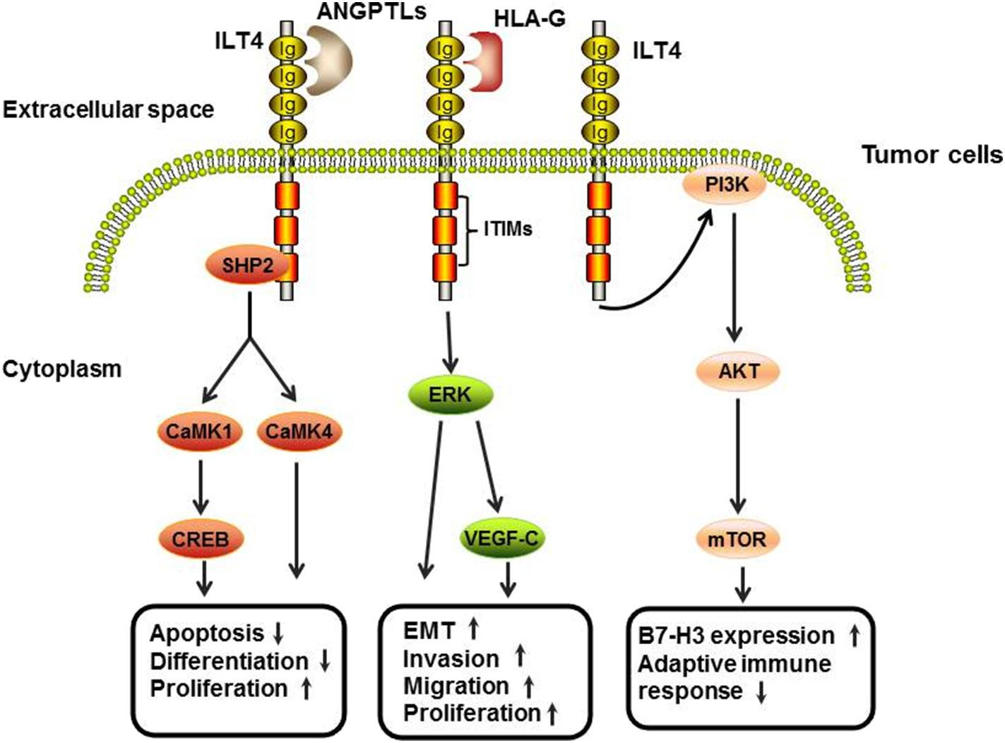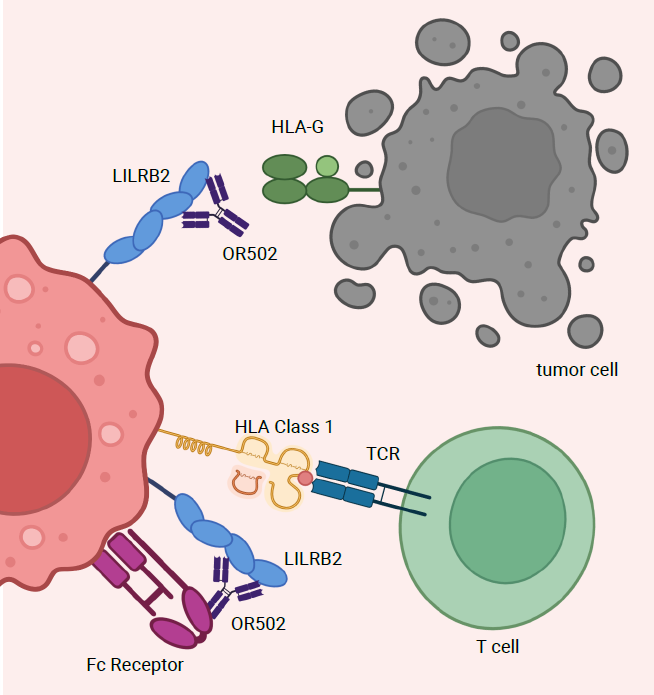 LILRB2主要表達(dá)于髓系細(xì)胞(如單核細(xì)胞、巨噬細(xì)胞、樹突狀細(xì)胞)和某些腫瘤細(xì)胞。它通過與配體(如HLA-G、ANGPTLs、SEMA4A和CD1d)結(jié)合,傳遞抑制性信號,抑制免疫細(xì)胞的活性,促進(jìn)腫瘤免疫逃逸。
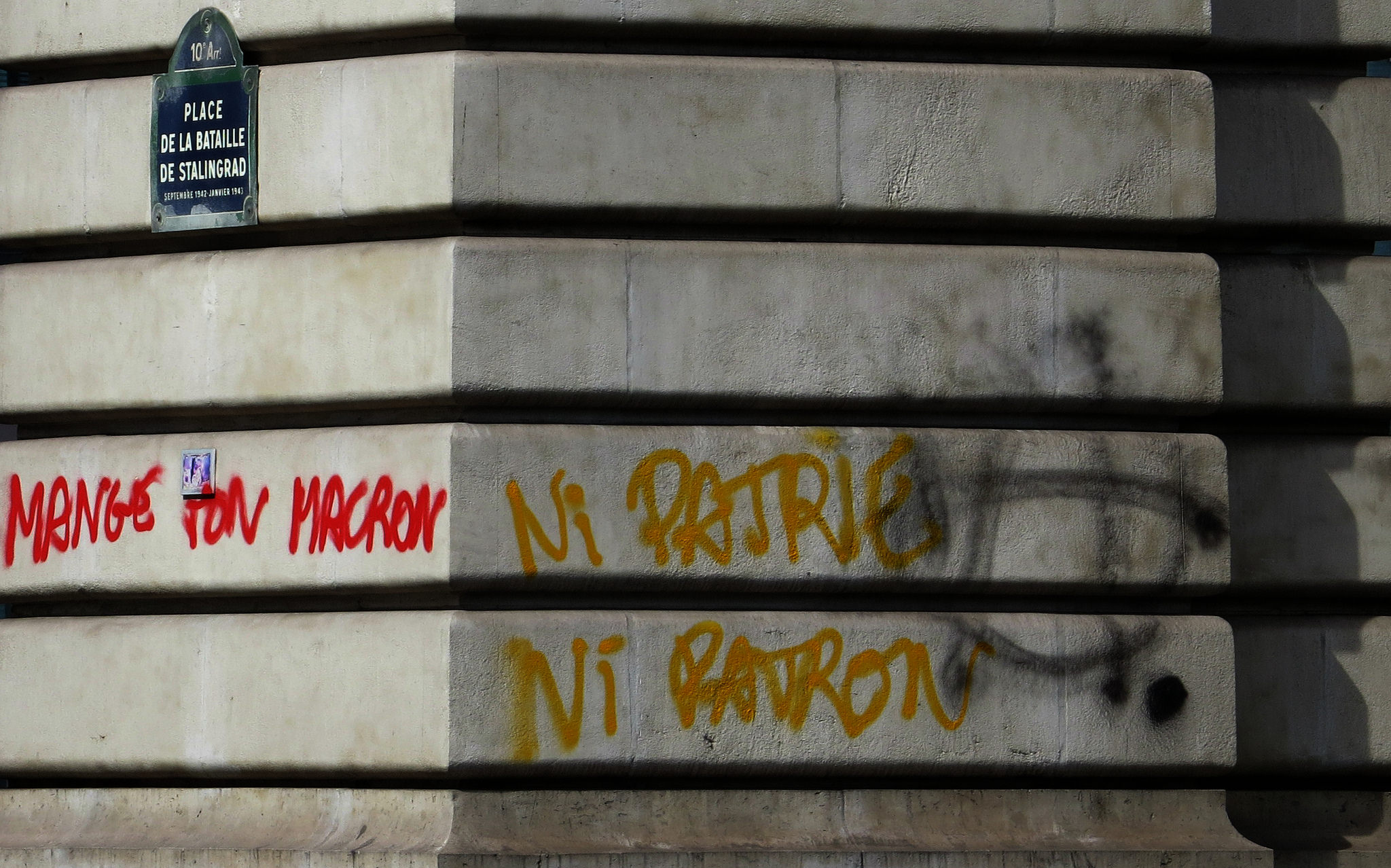 Un homme gribouille une photo d’Emmanuel Macron, Paris, le 21 avril © Radiowood
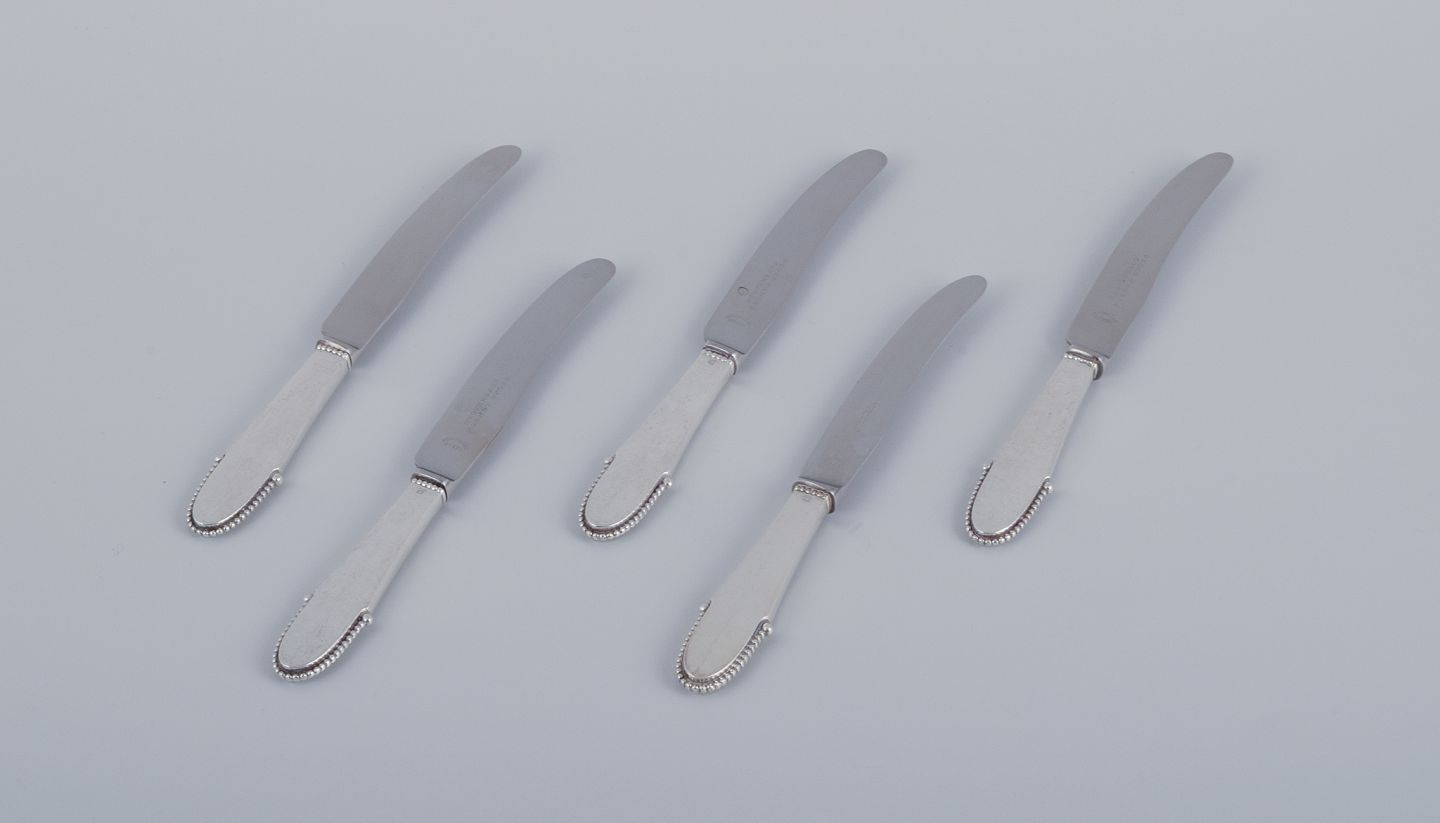 Georg Jensen Kugle, fem frugtknive i sterlingsølv. Knivblad i rustfrit stål.
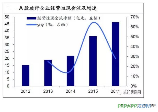 2016 年玻纖上市公司經(jīng)營性現(xiàn)金流約46 億元,同比增約28%;2017 年1 季度經(jīng)營性現(xiàn)金流約4 億元,同比減少約22%。
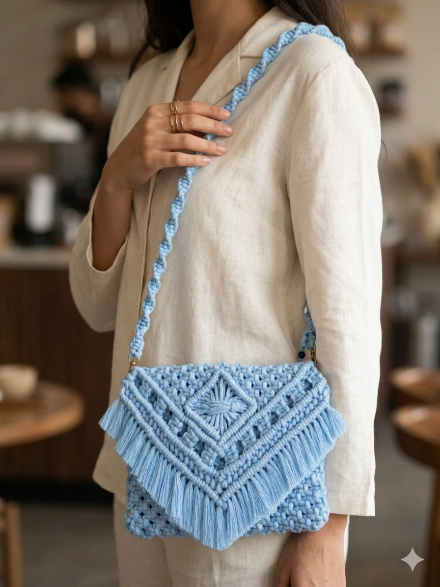 شنطة مكرمية هاند ميد بتفاصيل مميزة: 🤍 شغل يدوي بالكامل بدقة وحرفية
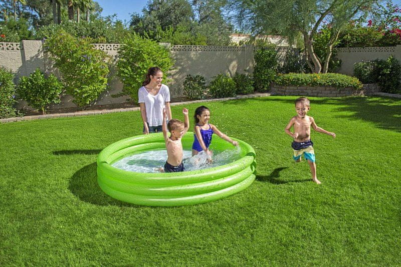 V vročih poletnih dneh ni boljše osvežitve za vaše najmlajše kot napihljiv bazen! Plavalni bazen je primeren kot otroški bazen. Enobarvni trikomorni napihljivi bazen, ki je primeren za vrt, kjer bo otroke zagotovo zelo razveselil. Mehka tla iz PVC-ja preprečujejo obrabo in so nedrseča. Velikost bazena: 183 × 33 cm Dimenzije škatle: 30 × 24 × 7 cm Primeren za otroke, stare 2 leti in več

* * * *

▶ **ACTIVITY**: Leave out the pictures. Return exactly the lines from the first line of the records to the line bearing "شنطة مكرمية هاند", inclusive.

▶ **TASK RESPONSE**:
 LILRB2主要表達(dá)于髓系細(xì)胞(如單核細(xì)胞、巨噬細(xì)胞、樹突狀細(xì)胞)和某些腫瘤細(xì)胞。它通過與配體(如HLA-G、ANGPTLs、SEMA4A和CD1d)結(jié)合,傳遞抑制性信號,抑制免疫細(xì)胞的活性,促進(jìn)腫瘤免疫逃逸。
 Un homme gribouille une photo d’Emmanuel Macron, Paris, le 21 avril © Radiowood
 Georg Jensen Kugle, fem frugtknive i sterlingsølv. Knivblad i rustfrit stål.
 2016 年玻纖上市公司經(jīng)營性現(xiàn)金流約46 億元,同比增約28%;2017 年1 季度經(jīng)營性現(xiàn)金流約4 億元,同比減少約22%。
 شنطة مكرمية هاند ميد بتفاصيل مميزة: 🤍 شغل يدوي بالكامل بدقة وحرفية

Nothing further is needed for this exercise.